In vitro activity: Solifenacin (formerly known as YM905) is a novel and potent muscarinic receptor antagonist with pKis of 7.6, 6.9 and 8.0 for M1, M2 and M3 receptors, respectively. Solifenacin increased bladder capacity and voided volume at doses of 0.03 mg/kg i.v. or more. Tolterodine increased bladder capacity and voided volume at 0.03 and 0.1 mg/kg i.v., while propiverine increased bladder capacity and voided volume at 1 mg/kg i.v. and at 0.3 and 1 mg/kg i.v., respectively. In contrast, none of the three drugs affected residual volume or micturition pressure. These results suggest that solifenacin may improve detrusor overactivity without causing urinary retention and may be a promising drug in the treatment of patients with overactive bladder syndrome.

Kinase Assay: Solifenacin is a novel muscarinic receptor antagonist with pKis of 7.6±0.056, 6.9±0.034 and 8.0±0.021 for M1, M2 and M3 receptors, respectively.

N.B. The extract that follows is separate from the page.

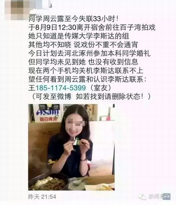 8月10日,一条关于寻找中国传媒大学女研究生周云露的消息在网上传开了。据微信公号中传人生活圈及相关微博,周云露系中国传媒大学2010级本科生、2014级研究生,“于8月9日12:30离开宿舍前往百子湾拍戏,她只知道是传媒大学李斯达的组其他均不知晓,说戏份不重不会通宵,今日计划去河北涿州参加本科同学婚礼但同学均未见到她。”至10晚上周某某的两个手机均已关机,与朋友同学失联。

Cell Assay: In murine submandibular gland cells, the antagonistic effects of 100 nM Solifenacin and oxybutynin on Ca2+ mobilization evoked by varying doses of carbachol (CCh) are examined. Solifenacin does not shift the CCh dose-activation curve in a parallel manner whereas oxybutynin shows insurmountable antagonism. The pKb values are obtained as 7.4±0.17 for Solifenacin and 8.8±0.21 for oxybutynin. Cytosolic Ca2+ mobilization is determined in guinea pig detrusor cells. Briefly, single detrusor cells are prepared from epithelium-free bladders, loaded with Fura 2, and suspended in phenol red-free Hanks’ balanced salt solution supplemented with 20 mM HEPES (pH=7.4) and 0.1% bovine serum albumin (HBSS-H/B). A 490 μL aliquot of the cell suspension is continuously stirred, kept at 28°C and monitored for the ratio of fluorescence at 500 nm with excitation at 340 nm to that at 380 nm. To each aliquot, 5 μL of test drug (including Solifenacin) and stimulant solutions are serially added with a 2 min interval, and the peak increase over the level just before stimulation is used for data analysis.